━━━ SOURCE MATERIAL

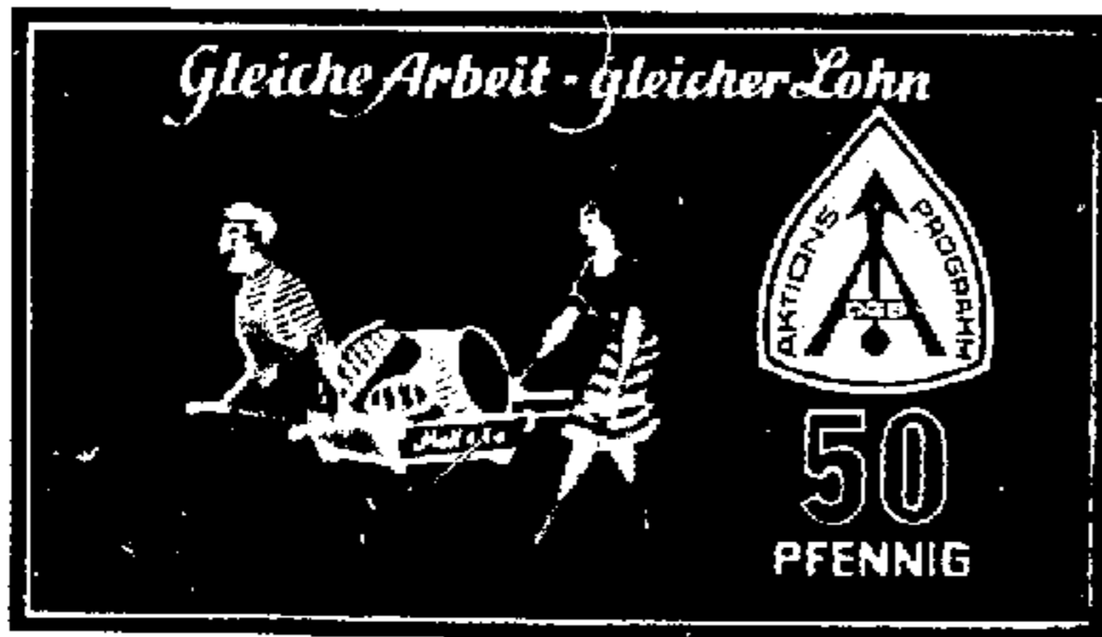
Sondermarke zum Aktionsprogramm

Erhebungen von Meinungsforschungsinstituten ergaben, daß diese großangelegte Werbekampagne ihren Zweck erfüllt hat. Der dadurch erzielte Erfolg bestätigt, wie wichtig und wirksam ein gemeinsames Vorgehen der Gewerkschaften in den entscheidenden Fragen ist.
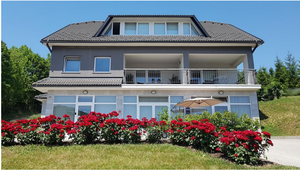
Slika 6. Apartmani Sanja u Krapinskim Toplicama
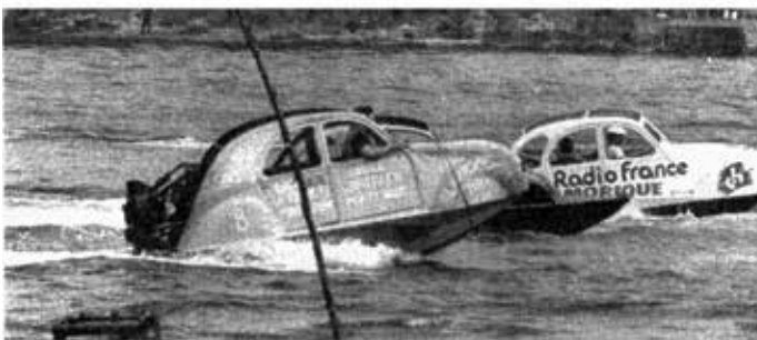
Pour les 2 CV bateaux...

Il ne faut pas oublier non plus ce qui, aux yeux de certains, a pu passer pour le clou de la journée, la course de lits nautiques, où un lit de noces prit le dessus sur un lit à baldaquin un peu trop lourd.
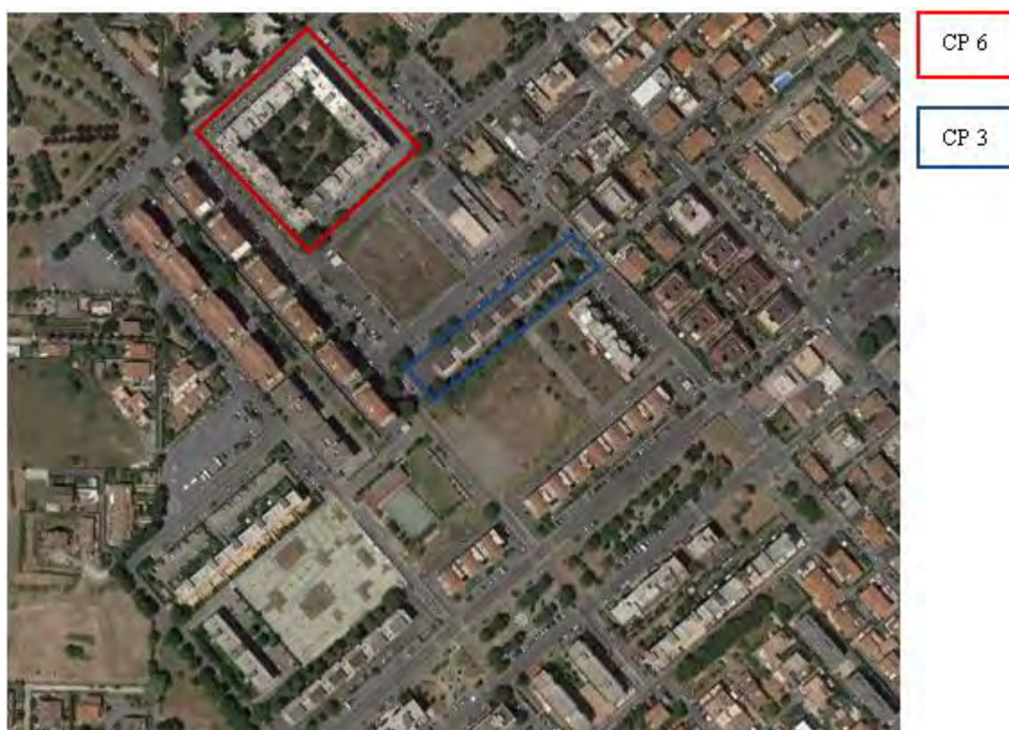
Figura 4. Individuazione delle Tipologie nel Lotto 2 – Comune di Ciampino
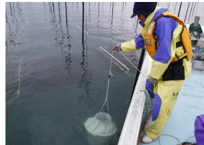
図5 プランクトン採集
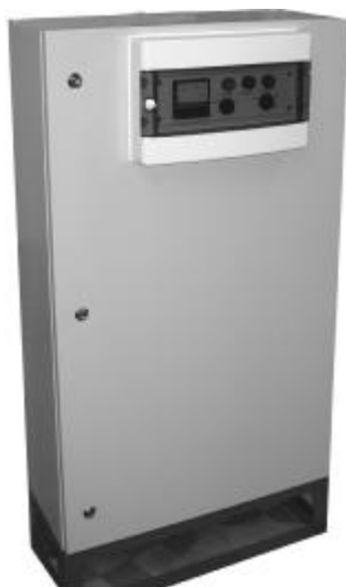
Фото 4. КТН-100

Общий вид стойки КТН-100 приведён на фото 4
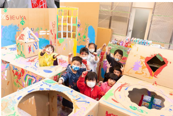
段ボール迷路ペインティング
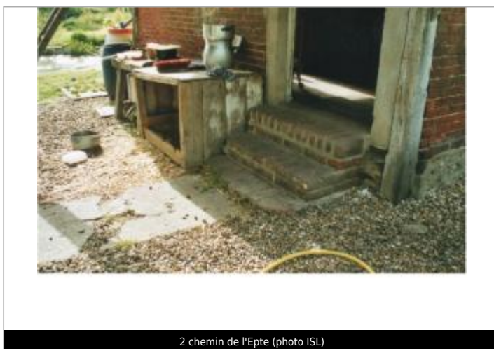
2 chemin de l'Epte

GÉOLOCALISATION Coordonnées WGS84 : X: 1.70963700 / Y: 49.26345600 Coordonnées RGF93 (Lambert 93) X: 606064.85 / Y: 6907856.87 Coordonnées RGF93 (ETRS89) : X: 1.709637 / Y: 49.263456 Code Hydro: H31-0400 Rive de référence: Gauche
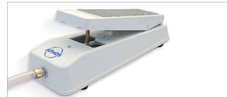
2 Артикул 443.0770.0
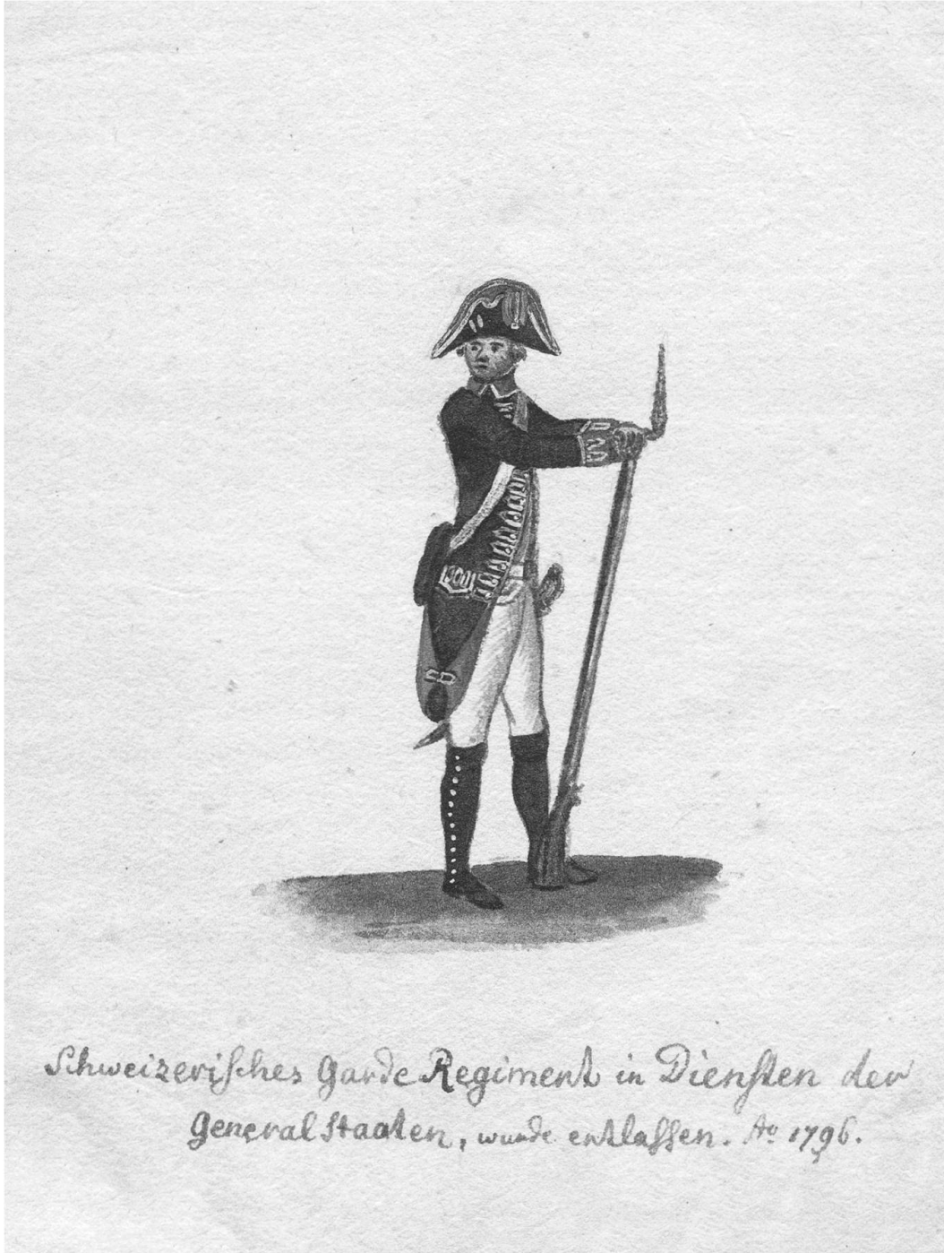
Uniform des Schweizer Garderegiments im holländischen Dienst 1795. – Uniformhandschrift Streuli, 1798–1800, Heft 11, S. 167, Abb. 126. Schweizerisches Nationalmuseum LM-178895,163.
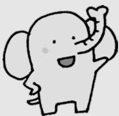
健康増進キャラクター ゾウのしんちゃん

市民の皆さん、健康に気をつけましょう。そして、「自分のため、家族のため」に健診（検診）を受けましょう。
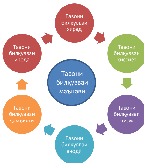
Расми 2. Гули нерӯҳо

Якҷо бо хонандагон коркард кардани гули нерӯҳо ба мақсад мувофиқ аст. Ҳамаи омилҳои инкишофи доимии худинкишофи шахсро қайд кардан лозим аст.
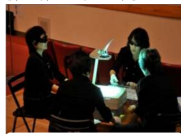
福祉大会での活動の様子
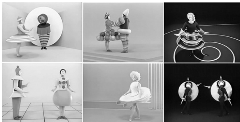
Fig 1 – Alguns momentos da reconstituição do Balé Triádico (Das triadische Ballett), a partir da obra de Oskar Schlemmer, realizada para a televisão alemã em 1970.

é primeiramente uma estrutura de números e medidas, uma abstração no sentido de um contrário, senão de uma oposição, à natureza [...] Da geometria do solo, da sucessão de linhas retas, de diagonais, do círculo e das curvas surge quase de si mesma uma estereometria do espaço pela verticalidade da figura dançante em movimento. Se representamos o espaço preenchido por uma massa plástica e mole, na qual as etapas do movimento do dançarino se solidificam como formas negativas, evidenciamos a relação imediata entre a planimetria do solo e a estereometria do espaço. O próprio corpo pode explicitar sua matemática ao desencadear sua mecânica corporal. 15
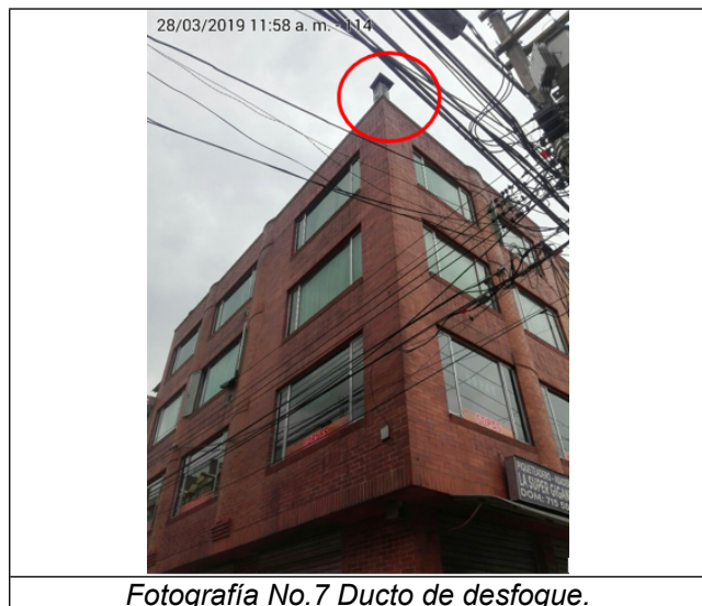
Fotografía No.7 Ducto de desfogue.
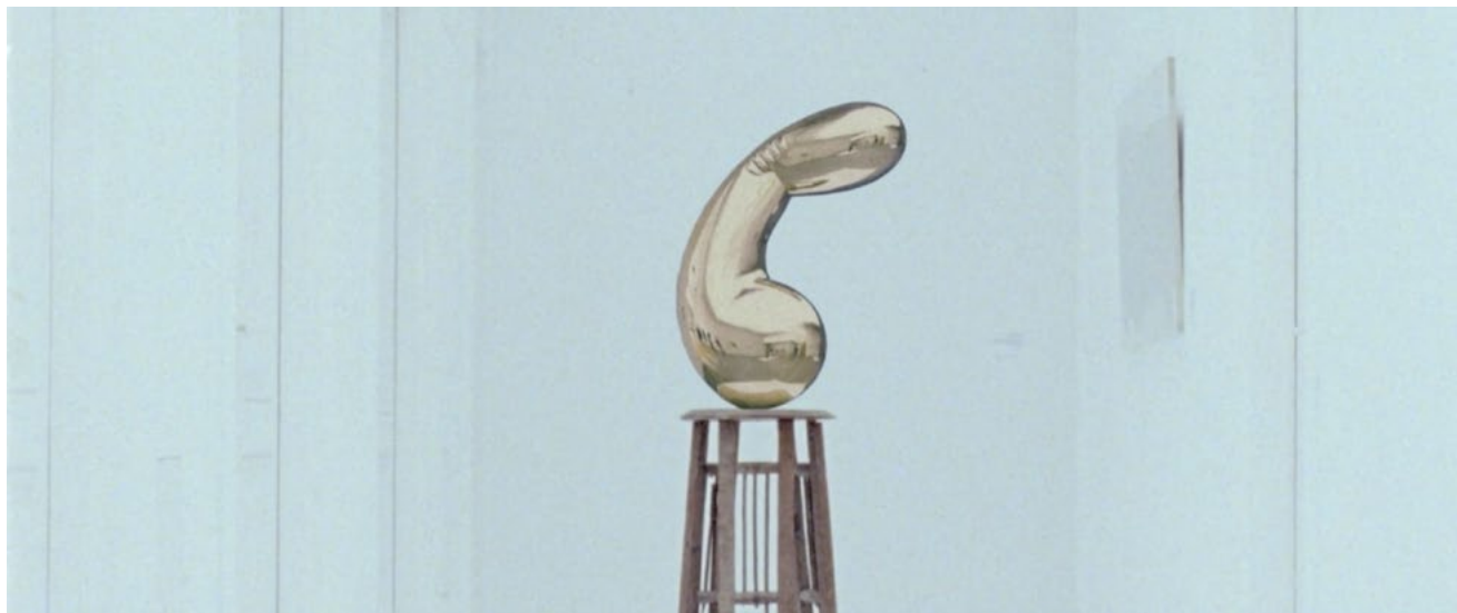
Gabriel Abrantes, A Brief History of Princess X , 2016

Séance Atelier Solidaire Séances Festival F'A'A Soirée d'ouverture & cocktail à la Galerie François I er 1 rue du Bourg Coustant 18700 Aubigny-sur-Nère

━━━━━━

What you return must match the records line for line, with the pictures left out.

Sondermarke zum Aktionsprogramm

Erhebungen von Meinungsforschungsinstituten ergaben, daß diese großangelegte Werbekampagne ihren Zweck erfüllt hat. Der dadurch erzielte Erfolg bestätigt, wie wichtig und wirksam ein gemeinsames Vorgehen der Gewerkschaften in den entscheidenden Fragen ist.
Slika 6. Apartmani Sanja u Krapinskim Toplicama
Pour les 2 CV bateaux...

Il ne faut pas oublier non plus ce qui, aux yeux de certains, a pu passer pour le clou de la journée, la course de lits nautiques, où un lit de noces prit le dessus sur un lit à baldaquin un peu trop lourd.
Figura 4. Individuazione delle Tipologie nel Lotto 2 – Comune di Ciampino
図5 プランクトン採集
Фото 4. КТН-100

Общий вид стойки КТН-100 приведён на фото 4
段ボール迷路ペインティング
2 chemin de l'Epte

GÉOLOCALISATION Coordonnées WGS84 : X: 1.70963700 / Y: 49.26345600 Coordonnées RGF93 (Lambert 93) X: 606064.85 / Y: 6907856.87 Coordonnées RGF93 (ETRS89) : X: 1.709637 / Y: 49.263456 Code Hydro: H31-0400 Rive de référence: Gauche
2 Артикул 443.0770.0
Uniform des Schweizer Garderegiments im holländischen Dienst 1795. – Uniformhandschrift Streuli, 1798–1800, Heft 11, S. 167, Abb. 126. Schweizerisches Nationalmuseum LM-178895,163.
健康増進キャラクター ゾウのしんちゃん

市民の皆さん、健康に気をつけましょう。そして、「自分のため、家族のため」に健診（検診）を受けましょう。
Расми 2. Гули нерӯҳо

Якҷо бо хонандагон коркард кардани гули нерӯҳо ба мақсад мувофиқ аст. Ҳамаи омилҳои инкишофи доимии худинкишофи шахсро қайд кардан лозим аст.
福祉大会での活動の様子
Fig 1 – Alguns momentos da reconstituição do Balé Triádico (Das triadische Ballett), a partir da obra de Oskar Schlemmer, realizada para a televisão alemã em 1970.

é primeiramente uma estrutura de números e medidas, uma abstração no sentido de um contrário, senão de uma oposição, à natureza [...] Da geometria do solo, da sucessão de linhas retas, de diagonais, do círculo e das curvas surge quase de si mesma uma estereometria do espaço pela verticalidade da figura dançante em movimento. Se representamos o espaço preenchido por uma massa plástica e mole, na qual as etapas do movimento do dançarino se solidificam como formas negativas, evidenciamos a relação imediata entre a planimetria do solo e a estereometria do espaço. O próprio corpo pode explicitar sua matemática ao desencadear sua mecânica corporal. 15
Fotografía No.7 Ducto de desfogue.
Gabriel Abrantes, A Brief History of Princess X , 2016

Séance Atelier Solidaire Séances Festival F'A'A Soirée d'ouverture & cocktail à la Galerie François I er 1 rue du Bourg Coustant 18700 Aubigny-sur-Nère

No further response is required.